Neil asked quietly, “Penny for your thoughts.”
“Wondering how much damage the town is taking on.”
He chuckled.
“What’s funny?”
“At a time like this, a man hopes the lady on his lap is thinking about him.”
She dropped her head sheepishly. “Sorry. I’m new at this sitting on a man’s lap business.”
He squeezed her gently. “No need to apologize. Just shows how special you are, Olivia Sterling.” Then he asked, “Do you have a middle name?”
“Jean. What’s yours?”
He shook his head. “I don’t have one.” Then, as if trying the sounds of the name on his lips, he echoed, “Olivia Jean. I like that.”
She settled back into the cocoon of his arms. “Is your wound bothering you?”
He shrugged. “A little.”
She straightened, concerned. “I should look at it.” She made a move to leave his lap, but he kept her where she was.
“We’ll look later. Right now, I want to know everything about Olivia Jean.”
She cocked her head at him and her eyes sparkled. “Such as?”
“I don’t know, start at the beginning.”
“Okay.” And she began by telling him when and where she was born. “Which makes me an ancient thirty-two years of age.”
“Six years younger than me, though, so you’re not that ancient. What was it like at Oberlin?”
She thought back for a few moments. “Very interesting. The trustees let women of color attend, but there were very few places in the city we could board, and even fewer places to find
employment. Some of the other students treated us atrociously, but I was given a good, solid education.”

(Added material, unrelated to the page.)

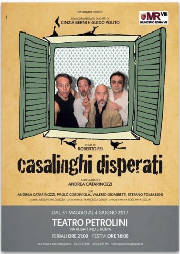 In scena dal 31 maggio al 4 giugno, al teatro Paolini di Roma, ‘Casalinghi disperati‘ vede in scena Andrea Catarinozzi, che ne ha curato anche l’adattamento, Paolo Cordiviola, Valerio Giombetti, Stefano Tomassini.
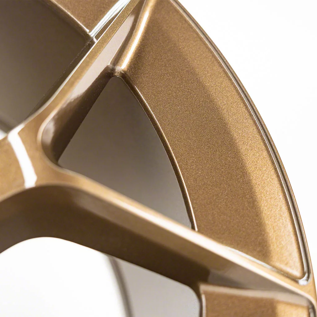 The 20x9.5 RTR Aero 5 Bronze Wheel; 20x9.5; 33mm Offset is completed in a high-quality, sparkling bronze finish, which will be sure to turn heads. For added durability and appearance, there is a durable clear coat that withstands the rigors of the road.

She looked up at him and added, “In fact, one of my teachers told us that the war would be the defining moment in our lives, so he made us do interviews with people we met and then chronicle their experiences. It’s an exercise that stuck with me, because the experiences were so fascinating and varied. Now, whenever I meet someone, I always ask. So, now I’m asking you. Where were you and what did you do during the war?”
“Well, let’s see. I was in Indian Territory when it began but wound up in Kansas.”
He went on to explain that because Chiefs Billy Bowlegs and John Chupco had refused to sign with the Confederacy as some of the other Seminole town chiefs had, the Reb cavalry had come to round up everyone who’d refused to take them into custody. “But when they got to the towns we were gone. Almost two thousand men, women, and children—mostly Seminoles and Creek—left to follow the old Creek chief Opotheyohola up through Cherokee country and into Kansas.”
“Did you make it?”
“Barely. It was winter and most of us were walking. The first two times the Rebs rode down on us, we battled our way clear, but the third time they captured over a hundred and fifty of the women and children.”
Olivia’s heart stopped.
“The rest of us had already lost everything we owned during the other battles along the way, so by the time we did reach Kansas we were destitute and hungry. But once we were settled, every man strong enough to pick up a rifle signed up with the First Kansas Colored and went to war to fight the Rebs. I had to wait until ’64 when I was fourteen, but I went gladly.”
“What happened to the captives?”
“Many of them were sold. Slave catchers had been nipping at the Black Seminoles like a pack of hounds since before the removal, making false claims of ownership to any court that would listen, kidnapping when they could. They hated the idea that they couldn’t round us all up and send us back to wherever they thought we belonged.”
“So, do you consider yourself a Black man or an Indian?”